If you’re using vector search, you already get some form of spell tolerance. You will enjoy results even with a query written phonetically.

(If you’re not using vector search, well, you should!)

— Generic typo corrected query —

But sometimes, you’d rater let the user choose his preferred typo correction inside a list, before starting the search.

This is really easy nowadays.

Here are the manual steps:
– Open your GPT3.5/GPT4/ChatGPT sandbox
– Prompt the AI with a proper sentence to fix your query. Something like:

Fix the typo on the following query:
A: plise fixe the tippo
Answers:
A: Please fix the typo

That’s it.

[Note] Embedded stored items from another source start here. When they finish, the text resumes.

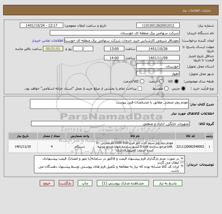 نام دستگاه خریدار:شرکت سهامی برق منطقه ای خوزستان
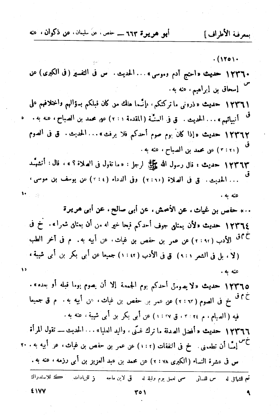 12365 -[خ م ق] حديث لا يصومنّ أحدكم يوم الجمعة إلا أن يصوم يوماً قبله أو بعده. (خ) في الصوم (63: 2) عن عمر بن حفص بن غياث، عن أبيه به.
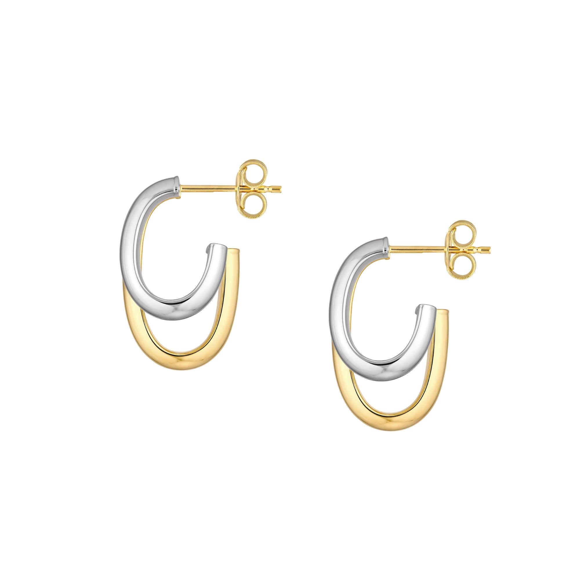 A bold take on the everyday hoop. These open hoops feature a chunky silhouette with contrasting yellow and white gold. The mixed metals give them the perfect natural versatility for every day wear.
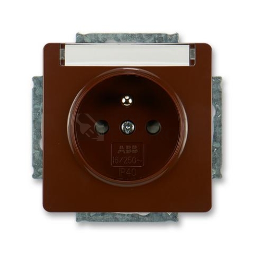 Zásuvka jednonásobná s ochr. kolíkem, s clonkami, s popis. polem, hnědá
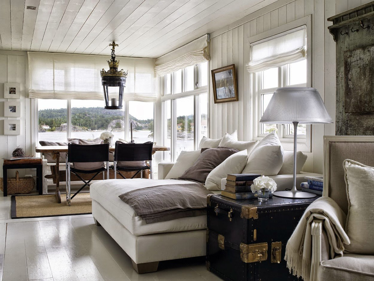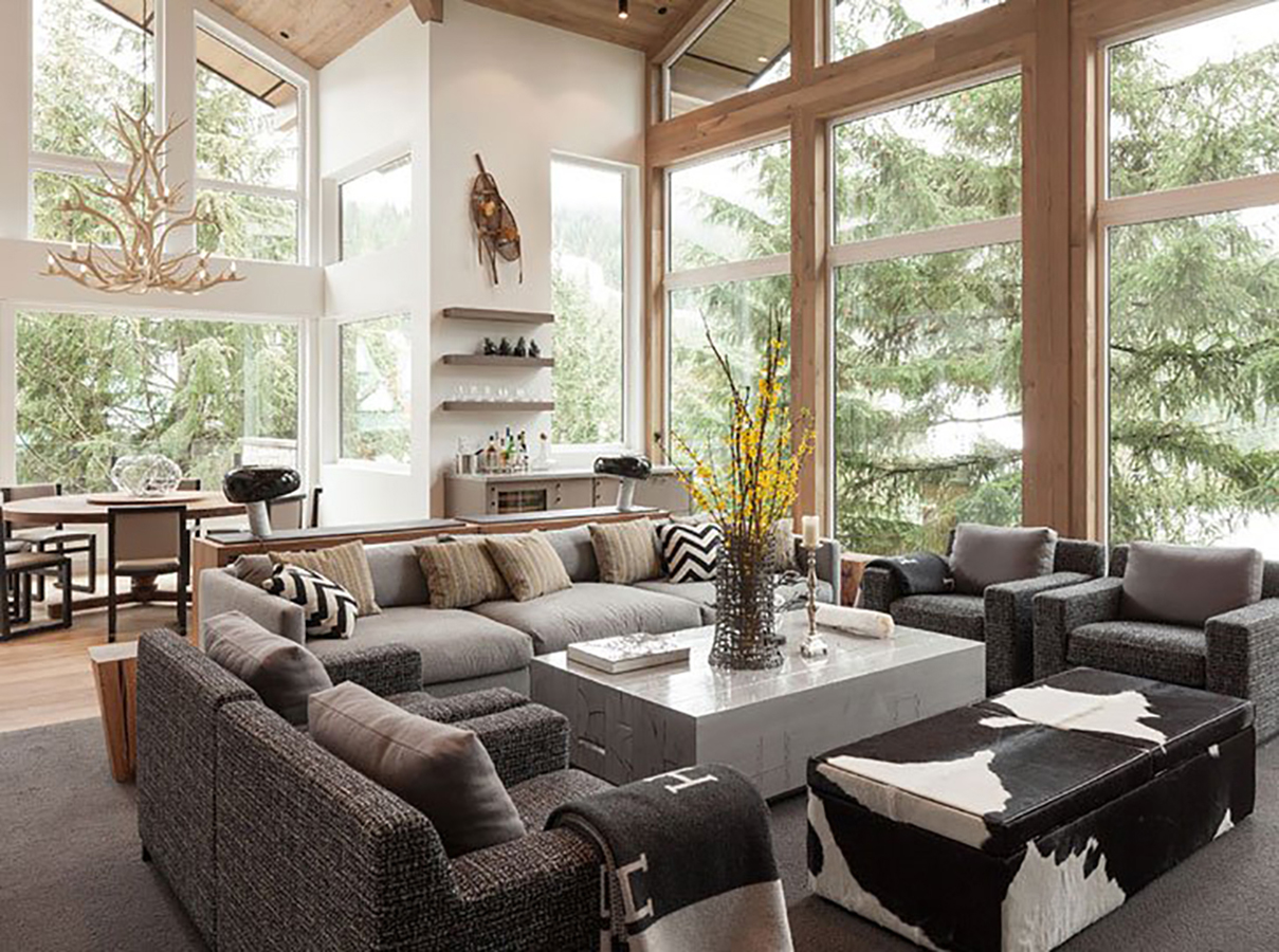 Шале – это стиль альпийских горных деревушек. В шале применяется минимум декоративных элементов и максимум деревянных фактур. Отличительной чертой этого направления является обилие панорамных окон. Мягкие широкие диваны и кресла с высокими спинками имеют немного потертый, выцветший вид. Низкие журнальные столики, деревянные шкафчики с природной текстурой. Подбирается тёплый текстиль с национальной вышивкой: это шерсть, мех, грубая кожа.
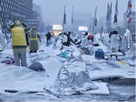 最新!韓媒:尹錫悦逮捕令有效期臨近,數千名韓民眾在大雪中身披保温毯堅持集會
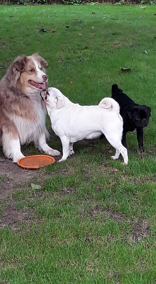 unser Mini Aussie Skip ist der beste Freund der Möpse , er wurde von uns aus den USA importiert und hat viele große Internationale Shows gewonnen sein größter Erfolg wahr die MASCA Show in Paris dort hat er alles gewonnen in seiner Klasse :-)
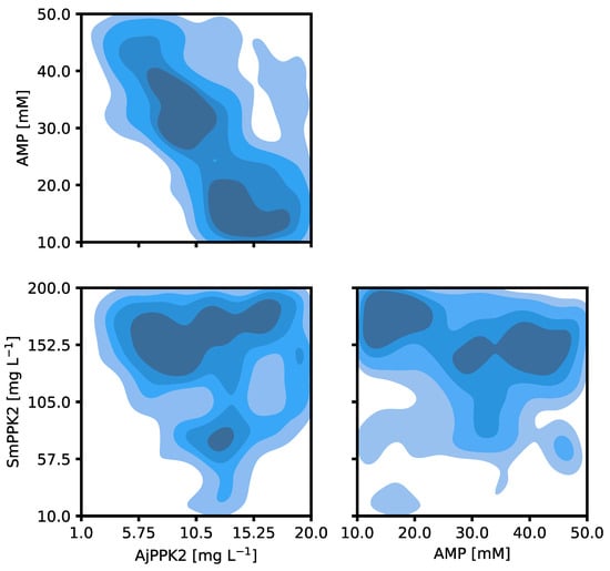 The final GPR model was applied to visualize the probability density of the maximum predicted activity, as illustrated in Figure 3. This visualization facilitates the identification of the optimal initial concentrations of the selected reaction components—namely, AMP, AjPPK2, and SmPPK2—in the presence of uncertainty. To determine the optimal concentrations, 10,000 samples of the final GPR model were analyzed. The resulting analysis allows for the identification of the regions of the parameter space which are more probable to correspond to the optimal experimental conditions. The different hues in the representation each signify 20% of the cumulative probability mass. As such, we can determine with 20% confidence that the optimum lies within the dark blue region of the parameter space. Additionally, a plateau, denoted by the darker blue hues, is predicted, where high activities can be obtained. These regions are dominant with higher amounts of SmPPK2, from ~130 to 200 mg L−1 and between ~5.75 and 18 mg L−1 of AjPPK2. AMP has less influence on the specific activity of MVK if enough enzyme is present.
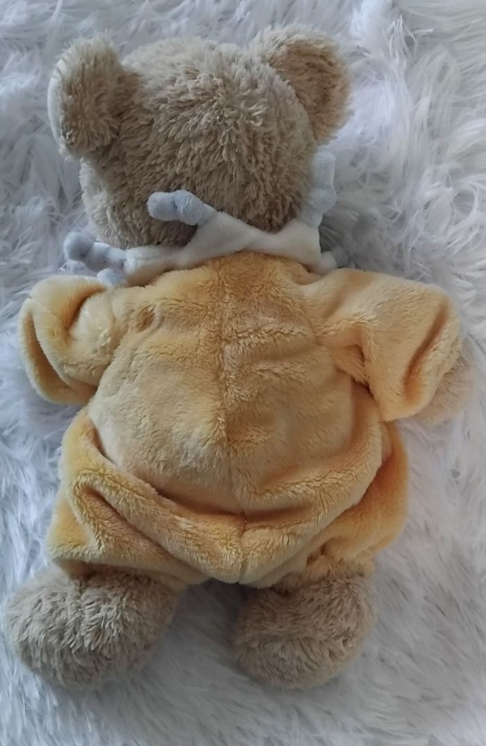 Doudou peluche ours en velours poils de couleur beige. Vêtu d'une combinaison en velours de couleur jaune avec papillon , nuage et girafe brodé dessus. Ours qui mesure 26 cm env
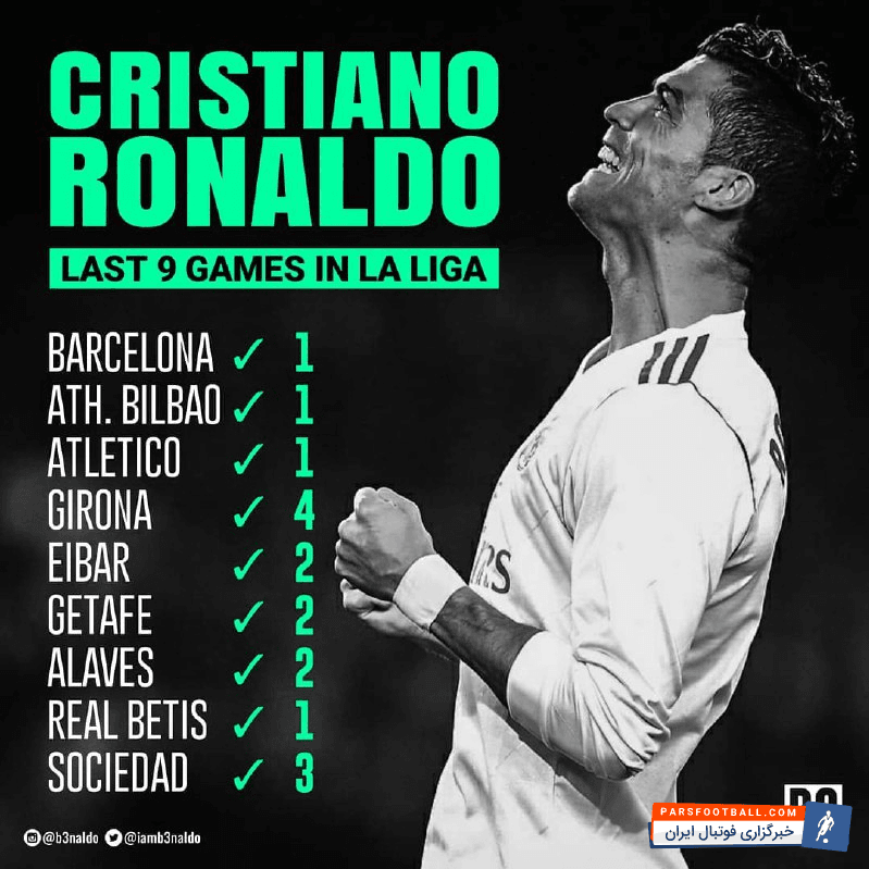 رونالدو در ۹ بازی آخر خود برای رئال در لالیگا گلزنی کرده است.
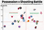 橫軸往右代表能比對(duì)手獲得更多出手 縱軸向上是比對(duì)手終結(jié)效率更高
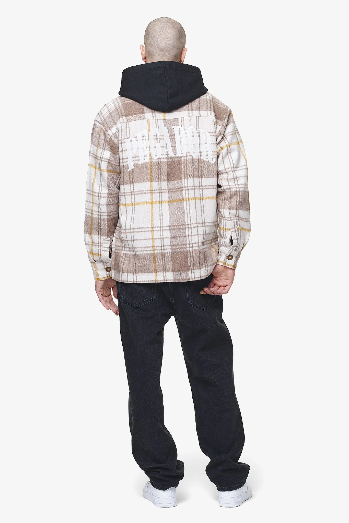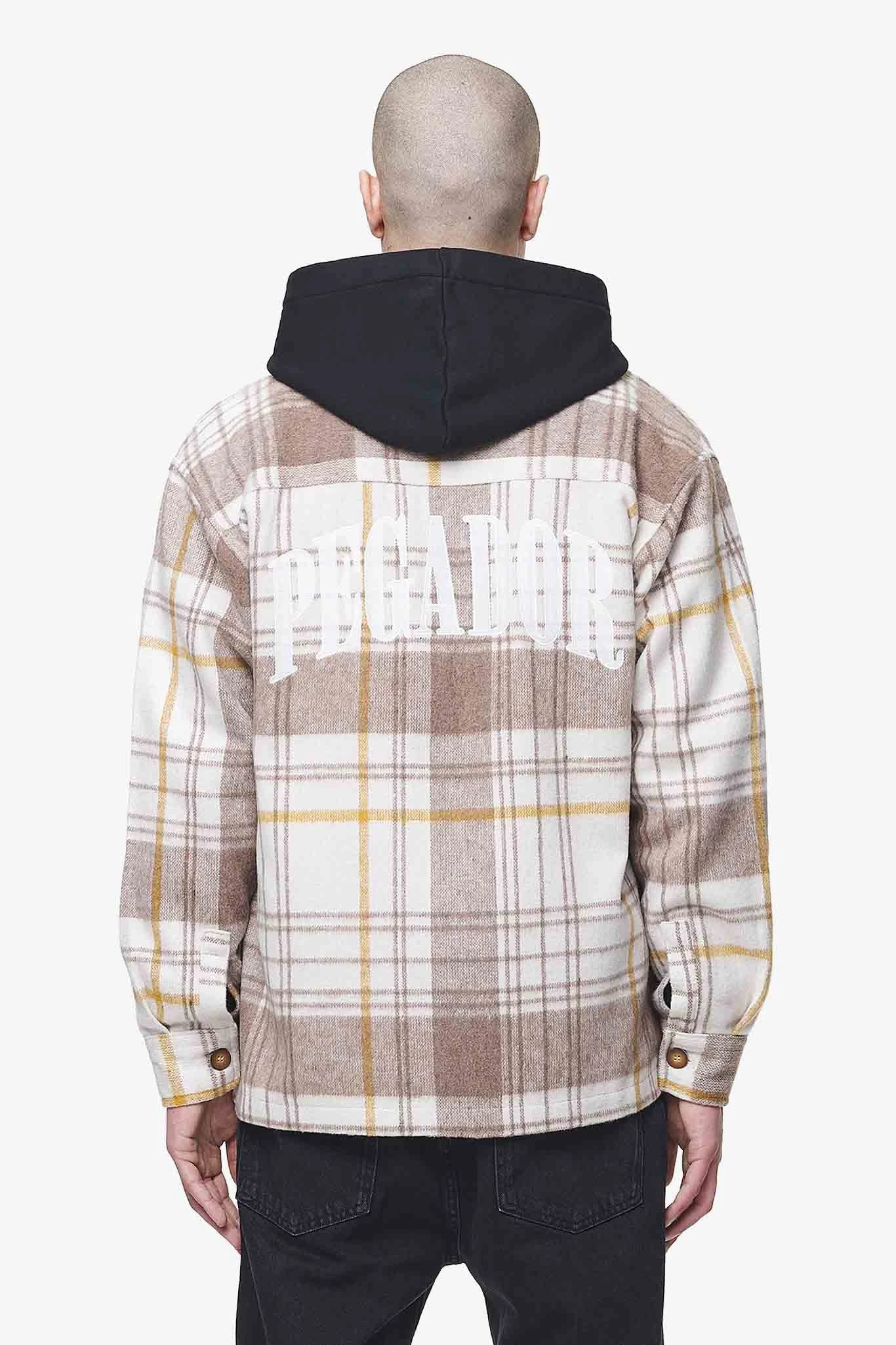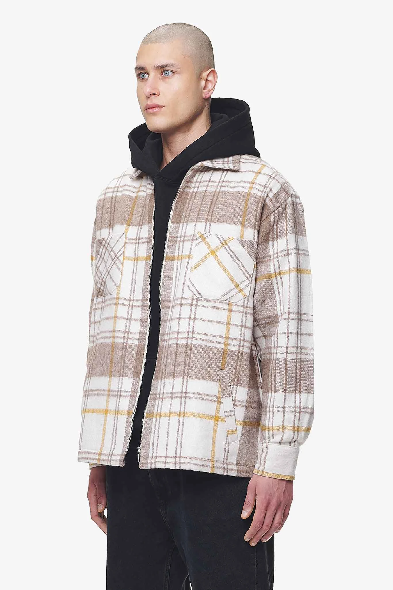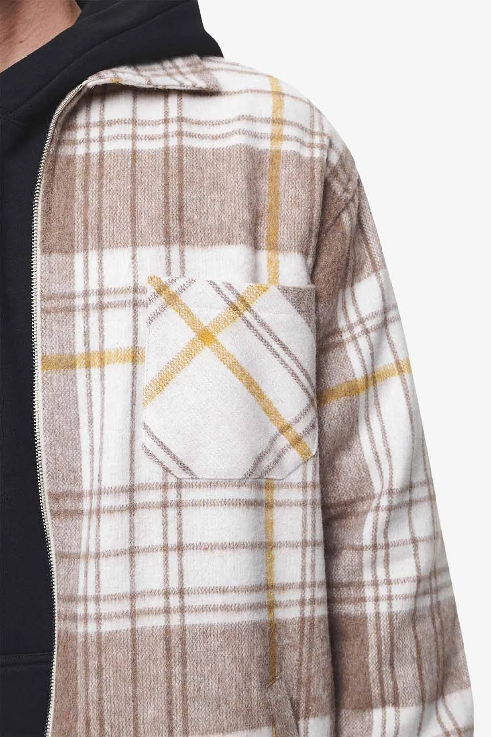 - cream/ wood heavy flannel zip shirt

But of course, you want to automate corrections in your search, and it remains quite easy.
You just have to call the OpenAI API from your autocomplete Ajax code, and display corrections in a list.

— A bit more sophisticated with vector search —

A better way would be to use the vector search to reorder the corrections, based on your database content.
Some kind of “fine-tuned typo correction”.

Here is the idea:
– Retrieve 10 corrections from the LLM
– For each correction, perform a search on the vector database
– Collect the scoring of each search
– Reorder the 10 corrections from their scoring
– Display the top scored corrections

Generative search is doing something similar. For instance, to fine-tune a Question Answering system, you perform a search first, then call a LLM with a prompt containing the results.

To fine-tune a spell correction, you need to call the LLM first, then call the vector database.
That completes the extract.